TASK BRIEF: Transcribe the lines below exactly. No image belongs in the transcription.

SOURCE MATERIAL:
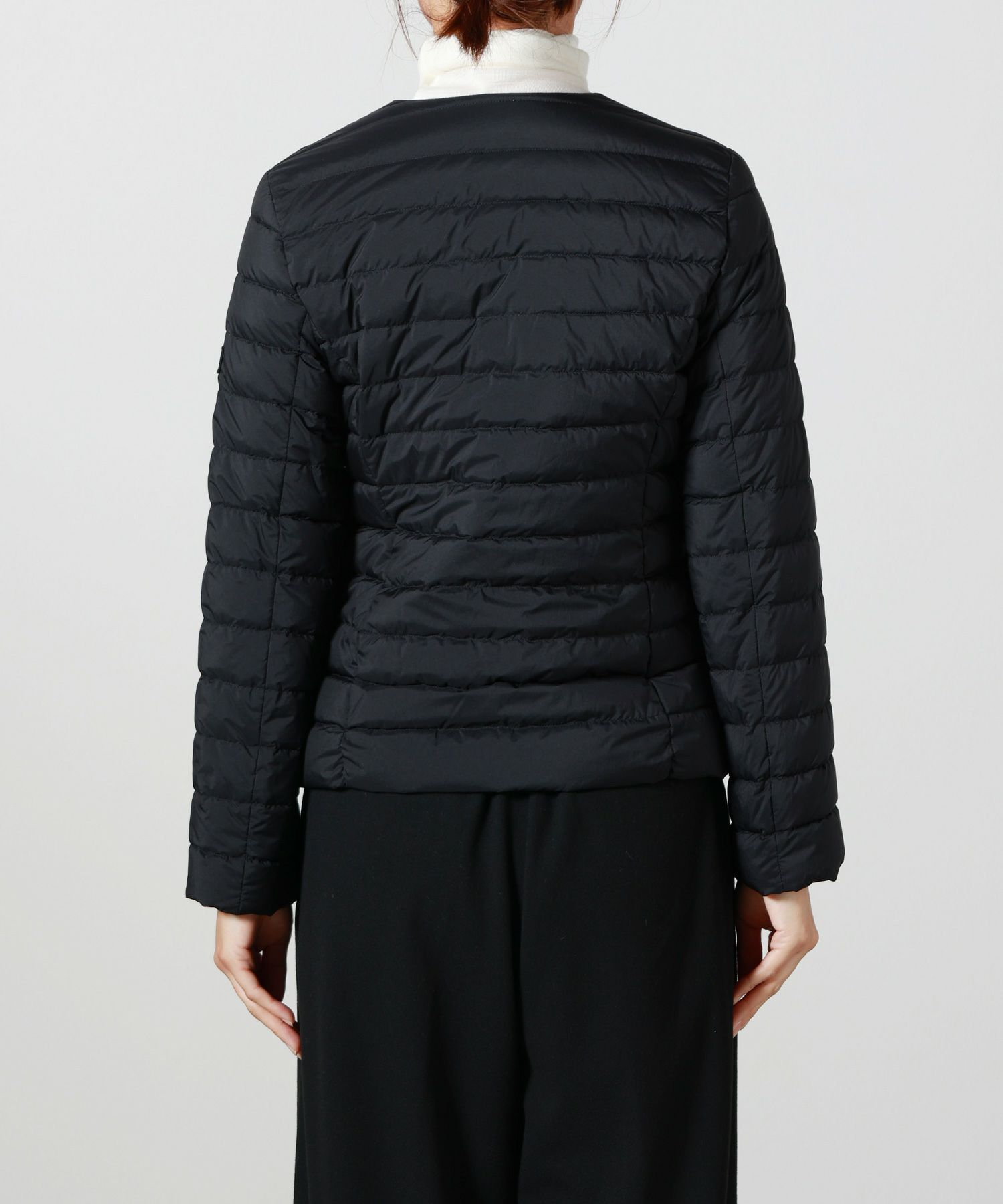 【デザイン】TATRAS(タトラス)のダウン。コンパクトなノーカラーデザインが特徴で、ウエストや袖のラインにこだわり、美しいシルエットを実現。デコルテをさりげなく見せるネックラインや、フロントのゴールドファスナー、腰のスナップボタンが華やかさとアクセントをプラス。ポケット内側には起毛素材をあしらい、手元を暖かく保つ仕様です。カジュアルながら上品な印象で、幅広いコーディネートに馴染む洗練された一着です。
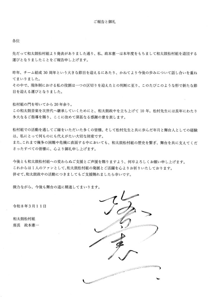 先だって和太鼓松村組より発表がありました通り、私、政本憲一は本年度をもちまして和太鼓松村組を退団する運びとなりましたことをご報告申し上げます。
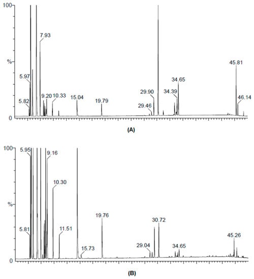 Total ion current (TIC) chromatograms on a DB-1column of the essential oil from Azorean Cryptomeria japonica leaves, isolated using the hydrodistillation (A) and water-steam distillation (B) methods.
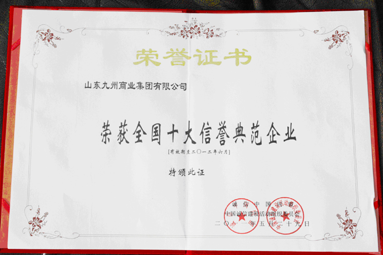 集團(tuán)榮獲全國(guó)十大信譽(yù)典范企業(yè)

ANSWER FOR THIS EXERCISE:
 【デザイン】TATRAS(タトラス)のダウン。コンパクトなノーカラーデザインが特徴で、ウエストや袖のラインにこだわり、美しいシルエットを実現。デコルテをさりげなく見せるネックラインや、フロントのゴールドファスナー、腰のスナップボタンが華やかさとアクセントをプラス。ポケット内側には起毛素材をあしらい、手元を暖かく保つ仕様です。カジュアルながら上品な印象で、幅広いコーディネートに馴染む洗練された一着です。
 先だって和太鼓松村組より発表がありました通り、私、政本憲一は本年度をもちまして和太鼓松村組を退団する運びとなりましたことをご報告申し上げます。
 Total ion current (TIC) chromatograms on a DB-1column of the essential oil from Azorean Cryptomeria japonica leaves, isolated using the hydrodistillation (A) and water-steam distillation (B) methods.
 集團(tuán)榮獲全國(guó)十大信譽(yù)典范企業(yè)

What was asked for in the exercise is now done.